- Church: Armenian Apostolic Church
- Diocese: Artsakh
- Appointed: 21 January 2021
- Predecessor: Pargev Martirosyan

Orders
- Ordination: 22 May 1988
- Consecration: 24 August 2008 by Karekin II

Personal details
- Born: Kamo Abrahamyan 21 March 1962 (age 64) Tsovategh, Nagorno-Karabakh Autonomous Oblast

= Vrtanes Abrahamyan =

Armenian clergyman (born 1962)

Vrtanes Abrahamyan (born 21 March 1962) is a prelate of the Armenian Apostolic Church. He serves as the Primate of the Diocese of Artsakh since 2021.

==Religious career==
Abrahamyan was ordained a priest on 22 May 1988. In 2007, he was appointed head chaplain of the Armed Forces of Armenia. He received episcopal consecration on 24 August 2008.

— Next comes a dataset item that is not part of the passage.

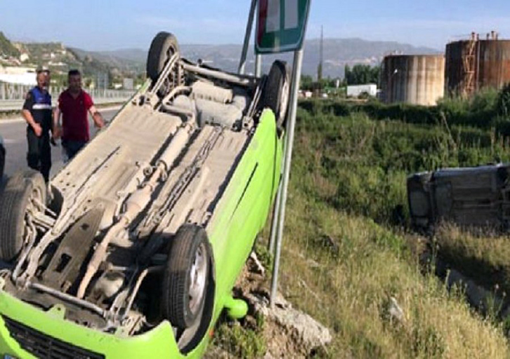Për shkak të manovrave të gabuara, një prej makinave ka përfunduar në kanal kurse tjetra është përmbysur.
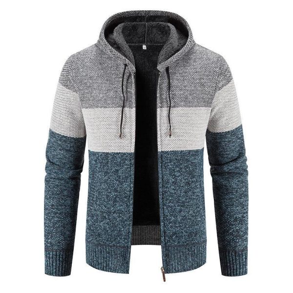 The Men’s Casual Solid Color Stand Collar Zipper Knitted Long-Sleeved Cardigan effortlessly combines style and warmth.

On 21 January 2021, it was announced that Archbishop Pargev was retiring from the post of Primate of the Diocese of Artsakh, and instead would serve as Catholicos Karekin II's pontifical envoy-at-large. He was succeeded by Abrahamyan, who previously held the post of spiritual leader of the Armed Forces of Armenia.